Transactions, as said before, are grouped in blocks, every 10 minutes there is another round for the miners. Every round is a new mathematical problem that miners must solve to turn the last operations block verifiable. The first who solves the puzzle and has the solution verified has the right to publish this block to the blockchain. The winner miner gets an award (currently it is 6.25 BTC per mined block).
Every 210,000 blocks mined, or roughly every 4 years, there is a process called halving. During the first 210,000 generated blocks, the miner award was 50 BTC, passed four years, it became 25 BTC, and so on. This will finish in 2140 when the award will be 0.00000001 BTC, which is called 1 satoshi. At that point, miners will be awarded only by user fees.
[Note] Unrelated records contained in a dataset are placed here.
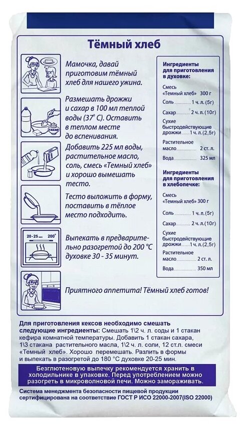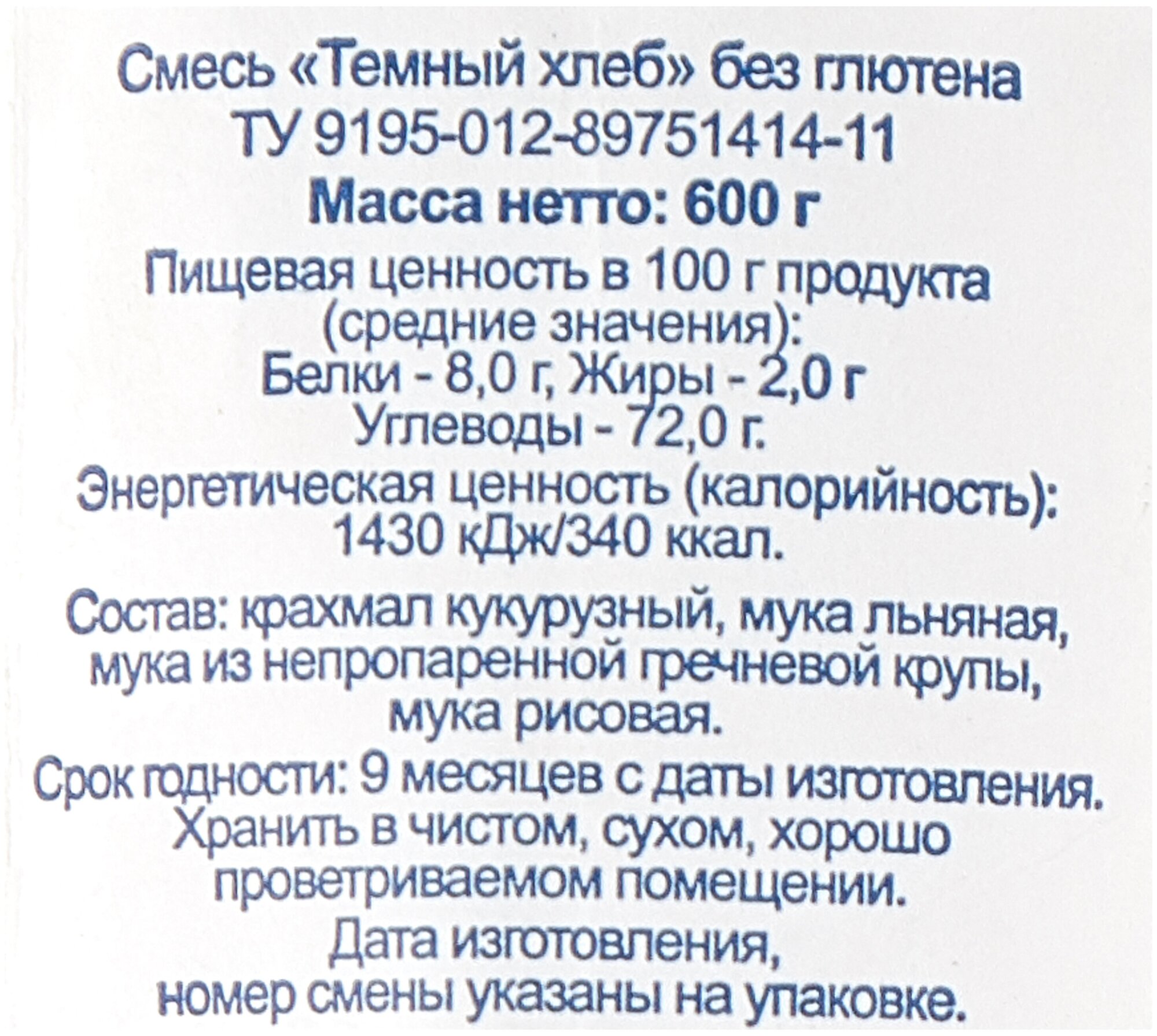 Готовая хлебная смесь «Темный хлеб» поможет вам с легкостью испечь домашний хлеб для всей семьи, даже если вы новичок в кулинарии. Теперь приготовить хлеб в домашних условиях – легко и быстро. Мучные смеси без глютена создаются под четким контролем. Грамотно подбирается исходное сырье, проводится контроль на наличие глютена. Смесь проверяется как на предприятии производителя, так и в сторонних лабораториях.
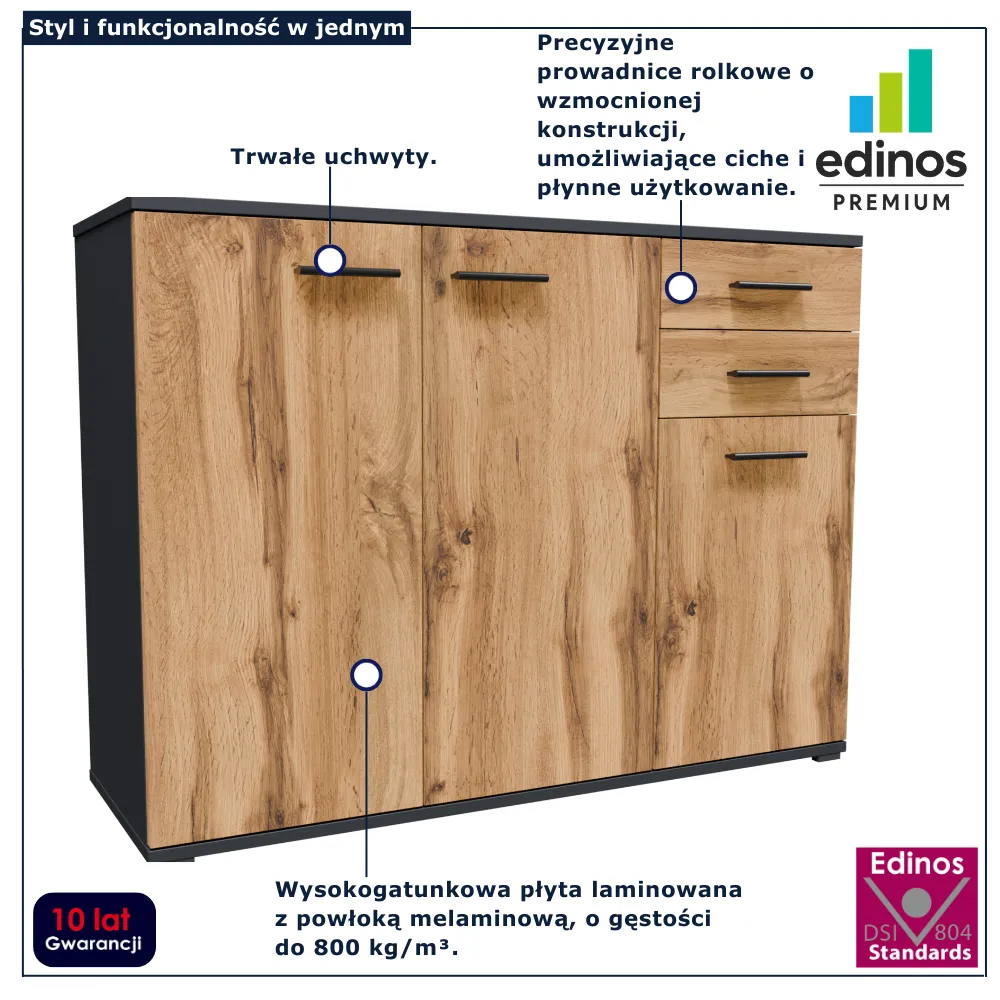 Jednym z najbardziej funkcjonalnych elementów tej serii jest komoda Asendri 4X marki Edinos Premium. To pojemny i przemyślanie zaprojektowany mebel, który łączy dużą przestrzeń zamkniętą z wygodnymi szufladami. Jej szeroka bryła doskonale sprawdzi się w salonie jako centrum przechowywania, w sypialni jako alternatywa dla klasycznej szafy pomocniczej, a nawet w jadalni czy przedpokoju. Prosty design sprawia, że komoda nie dominuje wnętrza, lecz subtelnie je uzupełnia, wprowadzając wrażenie porządku i harmonii.
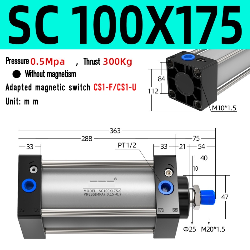 SC Pneumatic air Cylinder SC Series Economy model 80mm 100mm Bore Standard Cylinder ,SC Cylinder , SC Pneumatic Cylinder SC80/100-25X50X75X100X125X150X200X250S
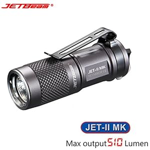 Jetbeam JET-II MK CREE XP-L HI LED Flashlight – 510 Lumens LED: Cree XP-L HI Max output:510 lumen Glass: Ultra-clear mineral glass Material:Aircraft grade aluminum alloy Body: type III hard anodize Battery:1*16340 or CR123 Small size,convenient for everyday carry. Specially designed for hiking, camping and emergency use Four brightness levels. With max output of 510 lumen Max beam distance up to 138 meters. max 4800cd Effective power management circuit; max runtime 150hours Battery reverse protection function Waterproof rating IPX8(underwater 2 meters) 1.5 meter impact resistant Brightness Outputs: High – 510 Lumens – 45 Minutes Medium – 100 Lumens – 1 Hour 30 Min. Low – 5 Lumens – 15 Hours Ultralow – 0.5 Lumens – 150 Hours Peak Beam Distance: 138 meters Peak Beam Intensity: 4800 CD Dimensions: Length:65mm Head diameter: 21.8mm Tail diameter 21.8mm Weight: 30 gram(without Battery)
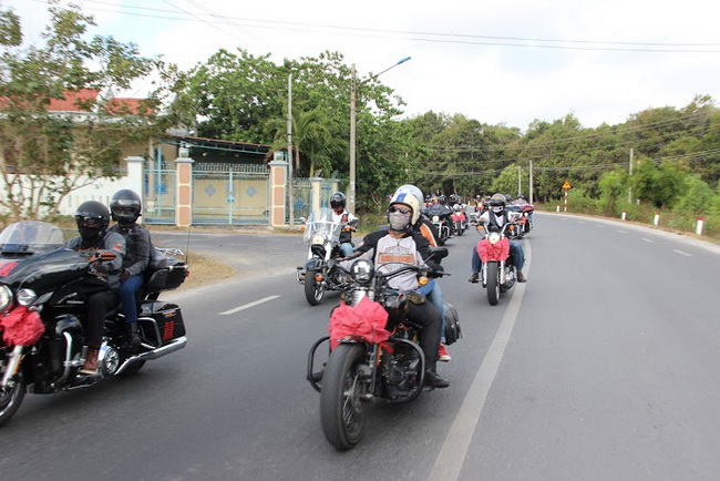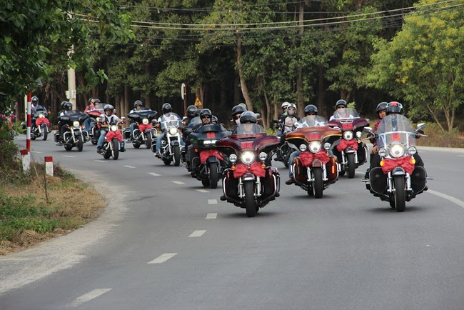 Đoàn rước dâu hội tụ đủ các mẫu xe của thương hiệu Harley-Davidsion từ những chiếc Touring cao cấp đến những chiếc Sporster thể thao.
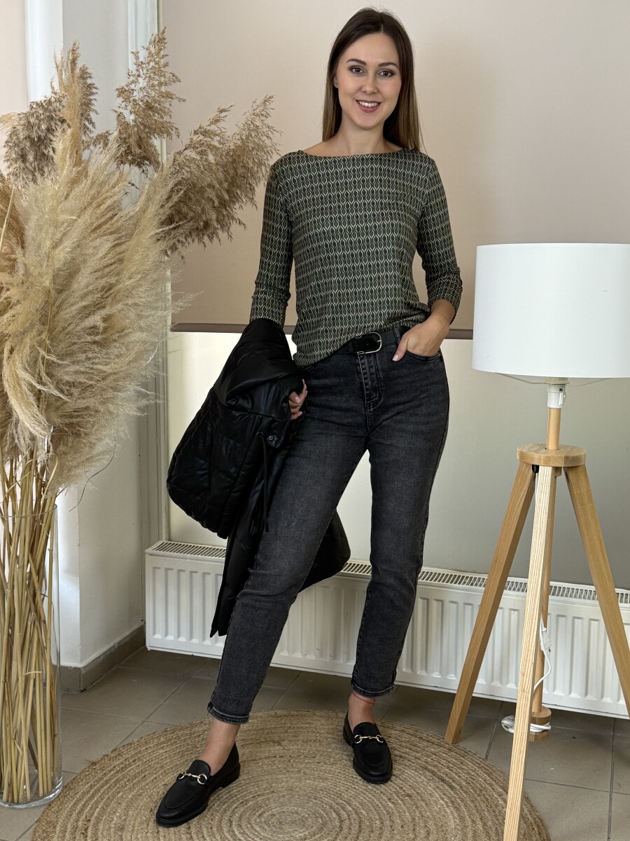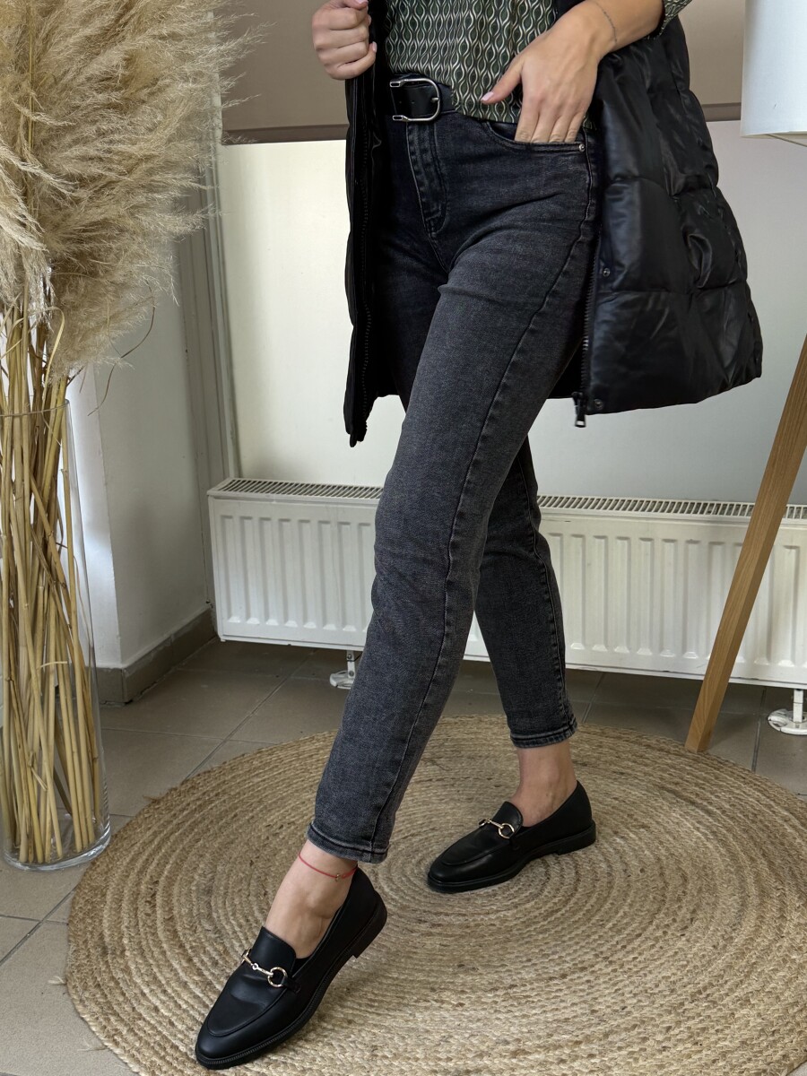Mérsékelten koptatott, normál szárhosszúságú, 5 zsebes , rugalmas anyagú, magasabb derekú, szűkülő szárú mom fit farmer övvel .
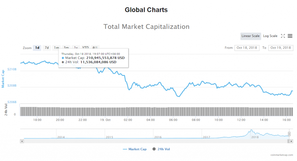 The volume of trade in the crypto market sat at $11.36 billion. The market’s capitalization, on the other hand, reached $207.49 billion.
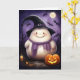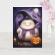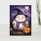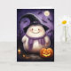 Cute ghost wearing a witch's hat and scarf, with a jack-o'-lantern and candles in a spooky forest.
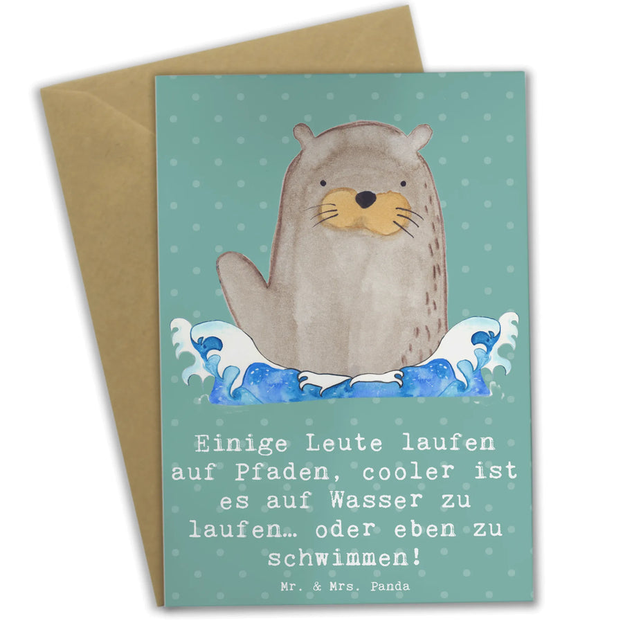 Die matte Innenseite lässt sich leicht beschriften, während der edle Umschlag das Gesamtbild abrundet. Verschenke Freude und zeige Deine Leidenschaft zum Schwimmen mit dieser einzigartigen Grußkarte von Mr. & Mrs. Panda.

One important step between finding the solution and publishing the block to the blockchain is the verification itself. Once one node finds and forwards its solution, it must be verified by the network. This solution consists of a hash that is hard to find but easy to be verified. The process of verification ensures a machine had enough computational effort to achieve the solution, such process is called proof of work.
There is a limit to the number of bitcoins that will exist after the year of 2140, it`s 21 million. As said before, miners will no longer create new bitcoins from the process of mining. This is the turning point that will make BTC decrease over the years. When someone forgets their private key, the person`s bitcoin will be lost. As it becomes rarer, BTC will increase its value.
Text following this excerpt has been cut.